Sédation profonde : les recos de la HAS pour la médecine de ville 

10/02/2020 Par Brigitte Blond
Santé publique
La Haute Autorité de Santé (HAS) vient de publier ses préconisations pour l’utilisation des (rares) médicaments, hors AMM, qui permettent une sédation profonde et continue jusqu’au décès, à l’hôpital comme en ville.

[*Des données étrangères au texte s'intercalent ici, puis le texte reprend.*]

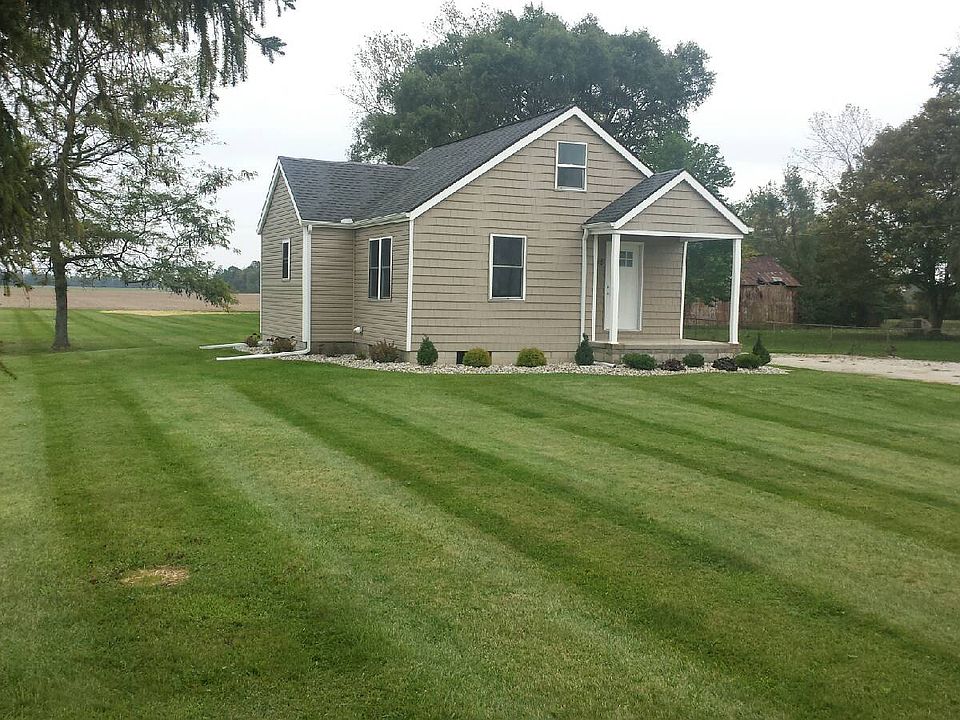Presenting a completely remodeled 2 bedroom, 1 bath, full basement, country home with an open floor plan in Genoa school district. This home sits on a 1.5 acre lot and is surrounded by new, low-maintenance landscaping. Outside updates also include new windows, doors, and vinyl shake siding. On the inside the fresh cottage style continues with refinished oak hardwood floors, new white kitchen cabinets and oil rubbed bronze light fixtures. Kitchen includes new counter tops and stainless steel appliances that stay. The entire house has new drywall, paint and carpet in the bedrooms and loft area. The electric has been updated with new wires, outlets, switches, and 200 amp panel. All new plumbing, pressure tank, and water softener. New Furnace, AC unit, and all ductwork comes with warranty. Beautiful lot with plenty of room to add on and/or build your dream garage/barn. Move in ready, immediate possession.

  Chaque patient, atteint d’une affection grave et incurable a le droit d’être soulagé en fin de vie, quand la souffrance est réfractaire aux traitements opiacés et le pronostic vital engagé à court terme, par une sédation profonde et continue. Celle-ci n’est pas antalgique (l’association à des antalgiques est indispensable), mais produit une suspension de la conscience, une “déconnection“. « Ce droit est inscrit dans la loi Clayes-Léonetti du 2 février 2016 », rappelle le Dr Pierre Gabach, chef du service des bonnes pratiques professionnelles à la Haute Autorité de Santé (HAS).   Médicaments hors AMM Pour que les patients puissent y avoir effectivement accès, la HAS a publié en 2018, à l’intention des médecins, un guide parcours de soins “Comment mettre en œuvre une sédation profonde et continue maintenue jusqu’au décès (SPCMD) ?“, d’aide à la décision et à la mise en œuvre de cette sédation. Or, la prise en charge médicamenteuse n’y était qu’évoquée. Faute d’évolution réglementaire sur ce volet pratique, la HAS s’est donc depuis autosaisie du dossier. C’est l’objet de la recommandation de bonne pratique actuelle que d’expliciter les modalités d’utilisation, dans le détail, des médicaments de la sédation, hors autorisation de mise sur le marché (AMM).   Décision collégiale Sur la base de cette recommandation, la HAS demande aux Autorités de Santé de permettre la dispensation des sédatifs hors AMM aux médecins qui prennent en charge...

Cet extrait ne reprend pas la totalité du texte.